Laboratory of Translational Immunology, University Medical Centre Utrecht, Utrecht University, Utrecht, The Netherlands.
Model-informed Drug Development Consultant, Pharmetheus AB, Uppsala, Sweden.
Br J Clin Pharmacol. 2020 Aug;86(8):1499-1509. doi: 10.1111/bcp.14256. Epub 2020 Mar 10.
To develop a semi-mechanistic model, based on glutathione depletion and predict a previously identified intra-individual reduction in busulfan clearance to aid in more precise dosing.
Busulfan concentration data, measured as part of regular care for allogeneic hematopoietic cell transplantation (HCT) patients, were used to develop a semi-mechanistic model and compare it to a previously developed empirical model. The latter included an empirically estimated time effect, where the semi-mechanistic model included theoretical glutathione depletion. As older age has been related to lower glutathione levels, this was tested as a covariate in the semi-mechanistic model. Lastly, a therapeutic drug monitoring (TDM) simulation was performed comparing the two models in target attainment.
In both models, a similar clearance decrease of 7% (range -82% to 44%), with a proportionality to busulfan metabolism, was found. After 40 years of age, the time effect increased with 4% per year of age (0.6-8%, P = 0.009), causing the effect to increase more than a 2-fold over the observed age-range (0-73 years). Compared to the empirical model, the final semi-mechanistic model increased target attainment from 74% to 76%, mainly through better predictions for adult patients.

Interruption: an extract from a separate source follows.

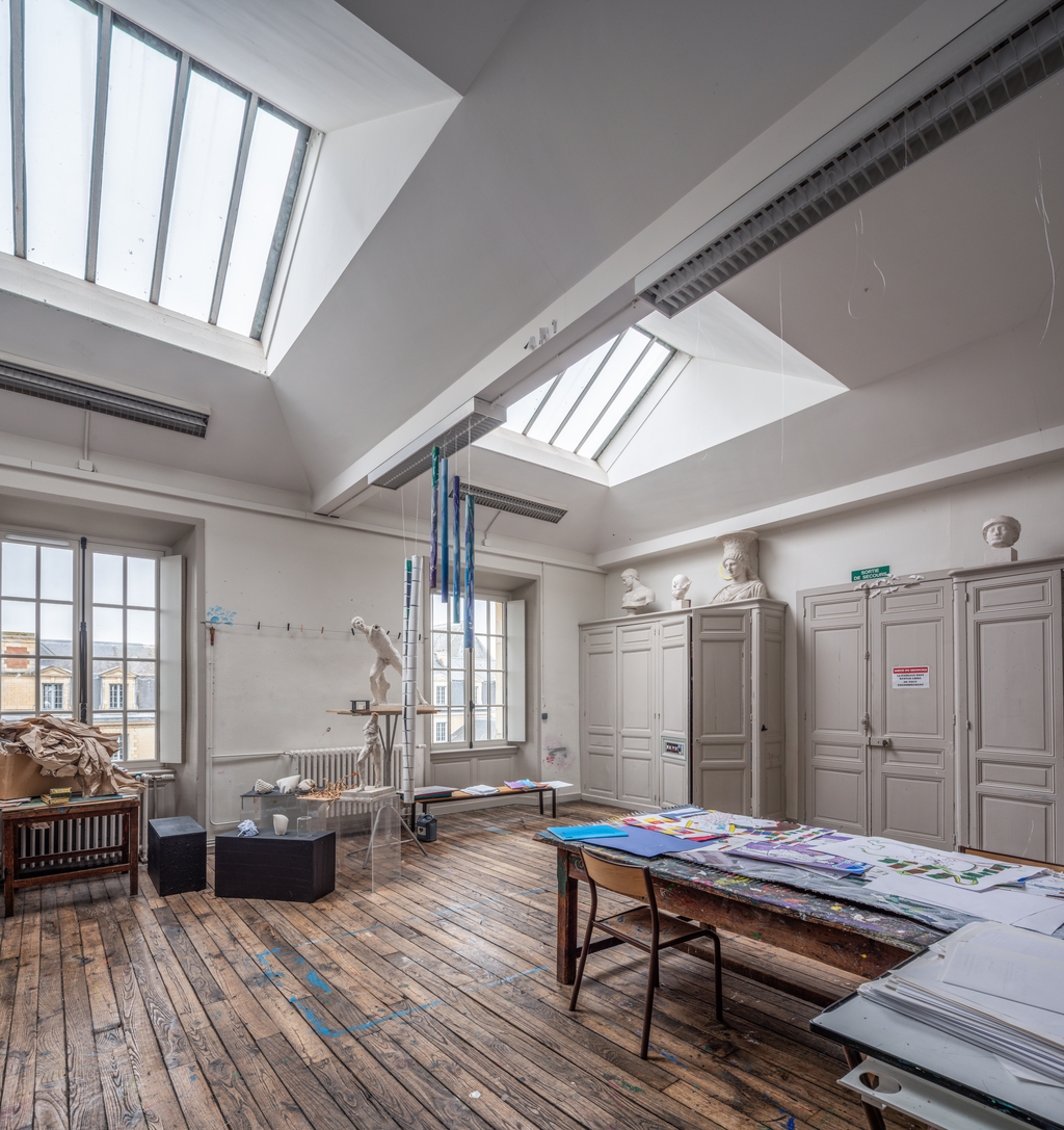 Ancienne salle de dessin, actuelle salle d'arts plastiques. Noter les verrières zénithales.Immatriculation

These results suggest that the time-dependent decrease in busulfan clearance may be related to gluthathione depletion. This effect increased with older age (>40 years) and was proportional to busulfan metabolism. The newly constructed semi-mechanistic model could be used to further improve TDM-guided exposure target attainment of busulfan in patients undergoing HCT.

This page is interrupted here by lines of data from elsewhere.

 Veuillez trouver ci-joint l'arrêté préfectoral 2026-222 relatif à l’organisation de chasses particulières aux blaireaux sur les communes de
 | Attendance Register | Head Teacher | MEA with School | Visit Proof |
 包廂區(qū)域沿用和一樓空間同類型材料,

基于谷胱甘肽耗竭,开发一种半机械论模型,预测先前确定的个体内部白消安清除率降低,以帮助更精确地给药。
使用异基因造血细胞移植(HCT)患者常规护理中测量的白消安浓度数据来开发半机械论模型,并将其与先前开发的经验模型进行比较。后者包括一个经验估计的时间效应,其中半机械论模型包括理论谷胱甘肽耗竭。由于年龄较大与谷胱甘肽水平较低有关,因此在半机械论模型中对此进行了协变量测试。最后,进行治疗药物监测(TDM)模拟,比较两种模型在目标实现方面的差异。
在两个模型中,都发现清除率相似下降 7%(范围-82%至 44%),与白消安代谢成比例。40 岁以后,时间效应每年增加 4%(0.6-8%,P=0.009),导致观察到的年龄范围(0-73 岁)内效应增加超过两倍。与经验模型相比,最终的半机械论模型使目标实现从 74%提高到 76%,主要通过对成年患者的更好预测来实现。
这些结果表明,白消安清除率的时间依赖性下降可能与谷胱甘肽耗竭有关。这种效应随着年龄的增长(>40 岁)而增加,并与白消安代谢成比例。新构建的半机械论模型可用于进一步改善接受 HCT 的患者中白消安 TDM 指导的暴露目标实现。